> _WORK ITEM_:
Among the entries below, which lines include the string "Енселко"? Show each one.

> _RECORDS FOR THE EXERCISE_:
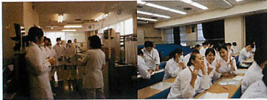
口腔保健臨床実習Ⅰ（鹿児島大学見学実習）
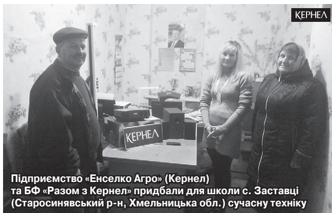
Підприємство «Енселко Агро» (Кернел) та БФ «Разом з Кернел» придбали для школи с. Заставці (Старосинявський р-н, Хмельницька обл.) сучасну техніку

«Раніше ми часто зіштовхувалися з проблемами з доступом до інтернет-мережі, зокрема з постійними перебоями та низькою швидкістю сигналу. Не так давно у нашому районі розпочав працювати новий провайдер, послуги якого були більш високої якості. Проте й вартість підключення була вища, а на спеціальні пристрої потрібні були кошти. Підприємство «Енселко Агро» (Кернел) та БФ «Разом з Кернел» виділили необхідне фінансування, завдяки чому ми повністю оплатили всі послуги, у тому числі річний абонемент на користування Інтернетом. У результаті 75 наших учнів отримали повноцінний доступ до
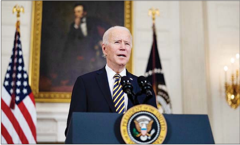
အမေရိကန်သမ္မတ ဂျိုးဘိုင်ဒင်။
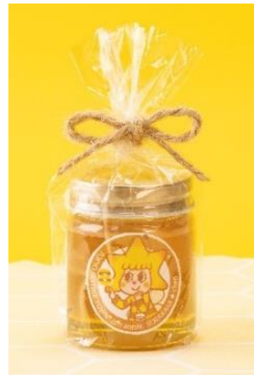
△8周年記念ハチミツ

整理券を配布し、お客さま同士の距離を開けてお並びいただくなど、感染症対策を行い実施します。
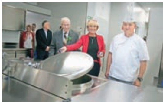
Od oktobra imajo prenovljeno in dograjeno kuhinjo.
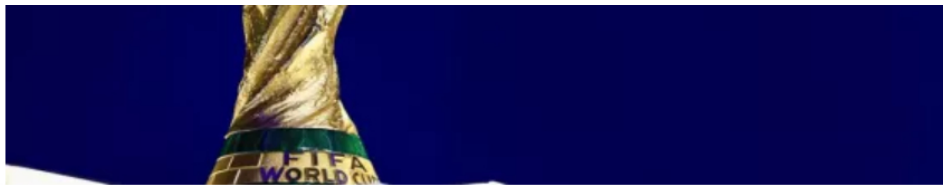
Mundial 2026: así quedaron los 12 grupos en Estados Unidos, México y Canadá tras el sorteo final

> _RESPONSE TO THE EXERCISE_:
Підприємство «Енселко Агро» (Кернел) та БФ «Разом з Кернел» придбали для школи с. Заставці (Старосинявський р-н, Хмельницька обл.) сучасну техніку
«Раніше ми часто зіштовхувалися з проблемами з доступом до інтернет-мережі, зокрема з постійними перебоями та низькою швидкістю сигналу. Не так давно у нашому районі розпочав працювати новий провайдер, послуги якого були більш високої якості. Проте й вартість підключення була вища, а на спеціальні пристрої потрібні були кошти. Підприємство «Енселко Агро» (Кернел) та БФ «Разом з Кернел» виділили необхідне фінансування, завдяки чому ми повністю оплатили всі послуги, у тому числі річний абонемент на користування Інтернетом. У результаті 75 наших учнів отримали повноцінний доступ до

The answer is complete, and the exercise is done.